**Source data:**

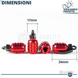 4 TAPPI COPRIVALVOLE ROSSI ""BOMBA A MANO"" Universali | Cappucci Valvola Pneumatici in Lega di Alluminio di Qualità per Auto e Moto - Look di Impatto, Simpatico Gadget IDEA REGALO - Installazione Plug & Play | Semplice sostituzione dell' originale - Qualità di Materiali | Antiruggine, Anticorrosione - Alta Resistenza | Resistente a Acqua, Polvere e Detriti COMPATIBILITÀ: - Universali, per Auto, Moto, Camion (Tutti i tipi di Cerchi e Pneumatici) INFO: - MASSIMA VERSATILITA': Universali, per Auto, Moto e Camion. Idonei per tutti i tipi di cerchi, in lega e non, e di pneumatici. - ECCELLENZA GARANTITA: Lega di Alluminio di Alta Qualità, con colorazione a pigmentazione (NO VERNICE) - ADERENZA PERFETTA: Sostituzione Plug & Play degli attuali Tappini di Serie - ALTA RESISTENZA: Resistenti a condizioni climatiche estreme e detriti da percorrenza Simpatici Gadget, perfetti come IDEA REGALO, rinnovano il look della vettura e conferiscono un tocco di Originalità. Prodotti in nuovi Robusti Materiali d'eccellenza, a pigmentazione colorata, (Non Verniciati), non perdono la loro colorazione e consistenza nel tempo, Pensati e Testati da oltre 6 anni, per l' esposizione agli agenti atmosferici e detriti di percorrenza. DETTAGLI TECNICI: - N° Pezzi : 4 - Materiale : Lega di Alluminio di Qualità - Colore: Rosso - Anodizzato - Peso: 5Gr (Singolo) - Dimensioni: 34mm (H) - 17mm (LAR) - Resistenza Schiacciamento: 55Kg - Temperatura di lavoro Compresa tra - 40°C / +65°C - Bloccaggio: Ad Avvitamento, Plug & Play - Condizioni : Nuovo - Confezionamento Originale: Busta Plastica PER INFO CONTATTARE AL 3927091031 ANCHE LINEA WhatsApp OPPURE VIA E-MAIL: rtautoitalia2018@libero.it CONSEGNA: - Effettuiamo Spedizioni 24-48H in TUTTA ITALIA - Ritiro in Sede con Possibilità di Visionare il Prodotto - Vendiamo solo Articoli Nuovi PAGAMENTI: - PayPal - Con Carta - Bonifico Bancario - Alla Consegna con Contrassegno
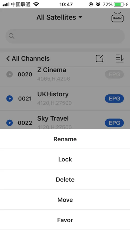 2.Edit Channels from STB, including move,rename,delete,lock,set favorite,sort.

==

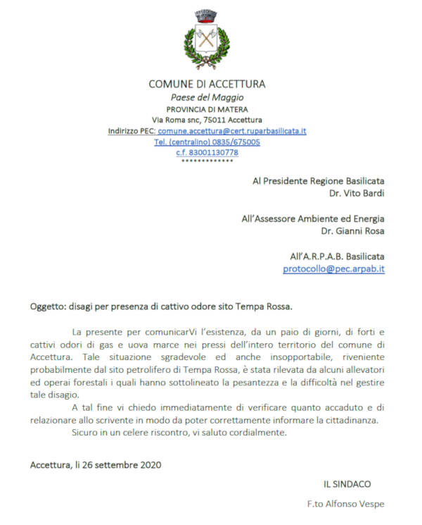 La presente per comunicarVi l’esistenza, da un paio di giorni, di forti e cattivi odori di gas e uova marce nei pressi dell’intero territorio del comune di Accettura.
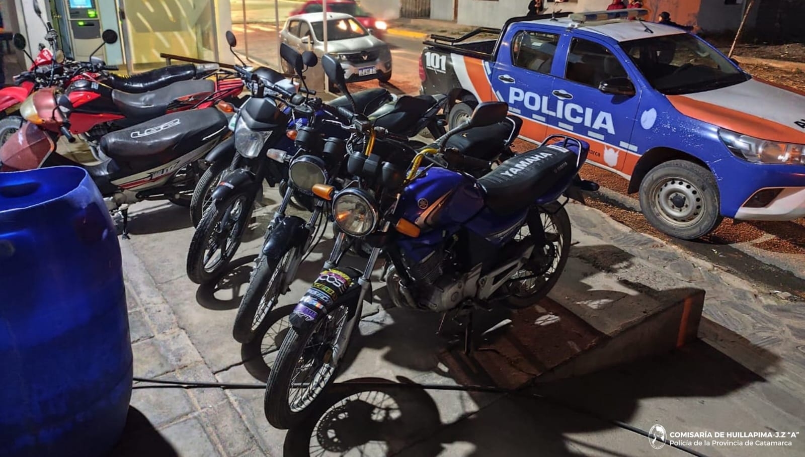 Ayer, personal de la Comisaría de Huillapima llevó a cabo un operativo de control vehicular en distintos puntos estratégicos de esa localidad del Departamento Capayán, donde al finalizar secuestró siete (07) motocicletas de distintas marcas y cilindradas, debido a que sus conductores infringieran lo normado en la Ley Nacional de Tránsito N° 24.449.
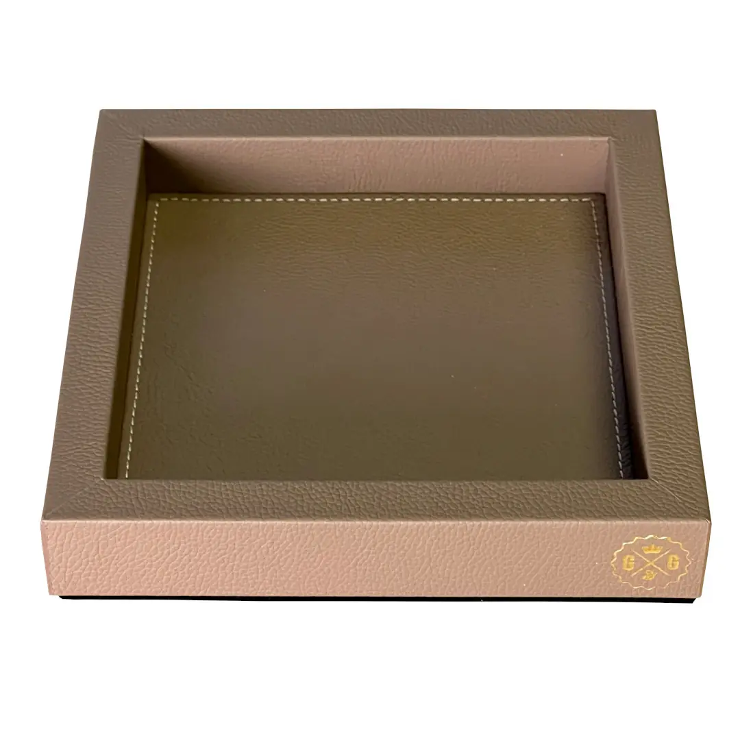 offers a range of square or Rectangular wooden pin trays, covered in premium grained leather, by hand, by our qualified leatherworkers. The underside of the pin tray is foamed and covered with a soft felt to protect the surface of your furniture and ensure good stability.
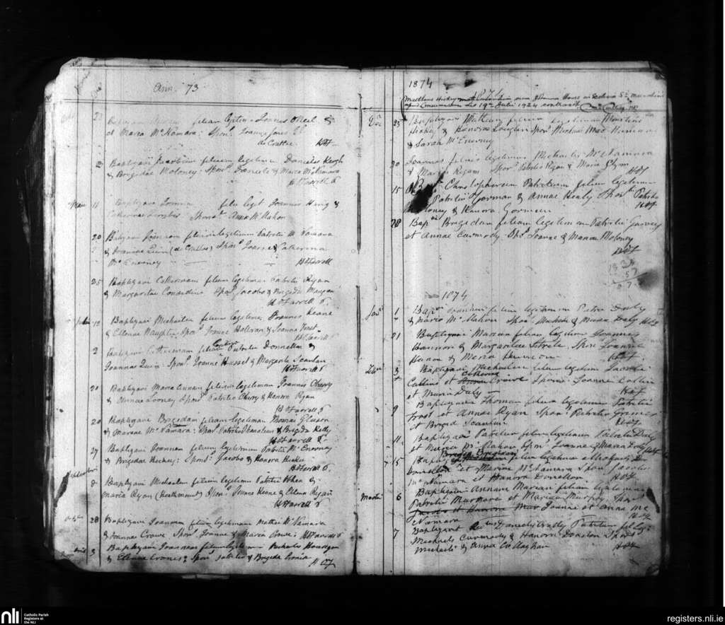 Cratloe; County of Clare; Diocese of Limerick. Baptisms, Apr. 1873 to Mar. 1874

**Directions:**
In the records above, find the line containing "Ayer, personal de" and the line containing "Cratloe; County of", then give both of them again word for word along with every line between. Omit any pictures.

**Answer to the exercise:**
 Ayer, personal de la Comisaría de Huillapima llevó a cabo un operativo de control vehicular en distintos puntos estratégicos de esa localidad del Departamento Capayán, donde al finalizar secuestró siete (07) motocicletas de distintas marcas y cilindradas, debido a que sus conductores infringieran lo normado en la Ley Nacional de Tránsito N° 24.449.
 offers a range of square or Rectangular wooden pin trays, covered in premium grained leather, by hand, by our qualified leatherworkers. The underside of the pin tray is foamed and covered with a soft felt to protect the surface of your furniture and ensure good stability.
 Cratloe; County of Clare; Diocese of Limerick. Baptisms, Apr. 1873 to Mar. 1874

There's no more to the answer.